MONDAY, July 26, 2004 (HealthDayNews) -- A diabetic who does just a bit of exercise during the workday can reduce the risk of dying from a heart attack or other cardiovascular condition, a Finnish study finds.

Tracking more than 3,300 people with type 2, or adult-onset, diabetes for 18 years, researchers at the National Public Health Institute in Helsinki found those whose jobs had them on their feet and lifting light objects were 9 percent less likely to die of cardiovascular disease than their compatriots who spent the working day behind a desk. This was the case after the researchers took into account other risk factors such as smoking, blood pressure and cholesterol levels.

More strenuous work, such as heavy lifting and manual labor, was associated with a 40 percent reduction in such deaths, said a report in the July 27 online issue of Circulation by a group led by Dr. Jaakko Tuomilehto, a professor at the institute's Diabetes and Genetic Epidemiology Unit.

This is the first large-scale study to compare the effects of on-the-job, leisure and commuting activity in diabetes, the researchers said.

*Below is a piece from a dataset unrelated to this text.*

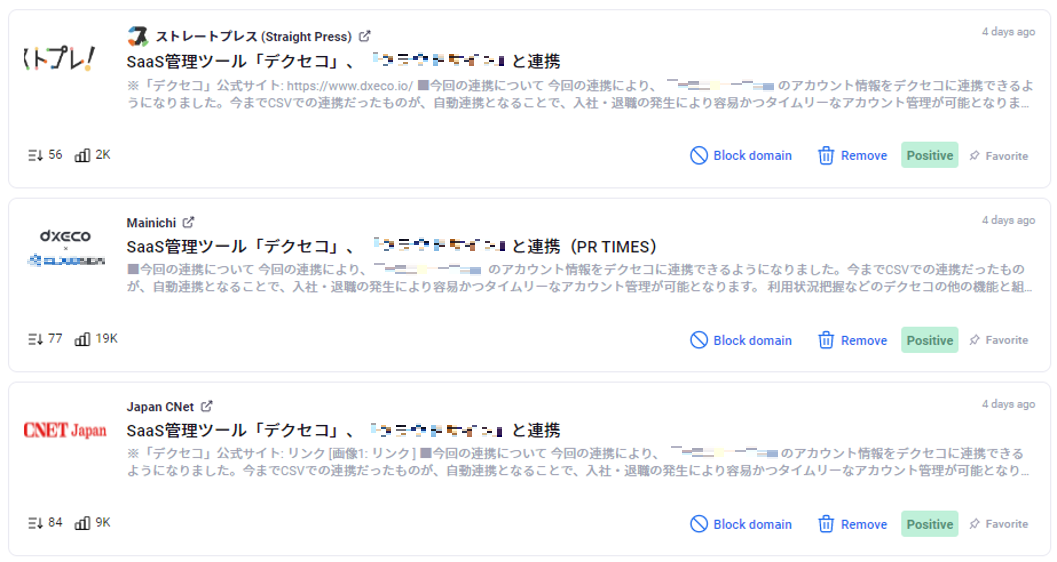 ・単にニュースを収集するだけでなく、推定リーチや権威性スコア、被リンクの有無を調査できる

"People with diabetes need to look for ways to build activity into their work, their commuting and their leisure time," Tuomilehto said.

As many other studies have found, the Finnish trial showed leisure-time physical activity by diabetics brought even greater cardiovascular benefits. Those who engaged in moderate leisure activity, defined as more than four hours a week of walking, cycling or gardening, reduced their risk of cardiovascular death by 17 percent compared to people whose idea of exercise was pushing buttons on the TV remote.

The risk reduction was even greater, 33 percent, for people who led an active leisure-time life, defined as more than three hours a week of such things as swimming, running or jogging.

But the benefits of working-time activity can't be ignored, Tuomilehto said.

"Too often people only think of leisure-time physical activity or other aerobic activities," he said.

However, one of Tuomilehto's suggestions, that "physical activity during commuting is one of the easiest, least time-consuming ways to promote health," would be difficult to implement in the United States.

More than 40 percent of the Finns in the study get to work on foot or by bicycle, the researchers said -- a lot less than in China, where an estimated 90 percent of people hoof it or cycle to the workplace, but unquestionably more than in America.

According to 1990 U.S. Census statistics, 73 percent of people in the nation's 50 largest metropolitan areas traveled to work alone in a car. Another 6.5 percent took public transportation, which would presumably mean a walk to a bus stop or train station, and 7.6 percent took "other means," including bicycling and walking.

The study results are no great surprise, said Dr. JoAnn E. Manson, a professor of medicine at Harvard Medical School and a spokeswoman for the American Heart Association. "There is compelling evidence that exercise lowers the risk of cardiovascular disease in the general population, and people with diabetes are at high risk and have the most to gain from preventive strategies."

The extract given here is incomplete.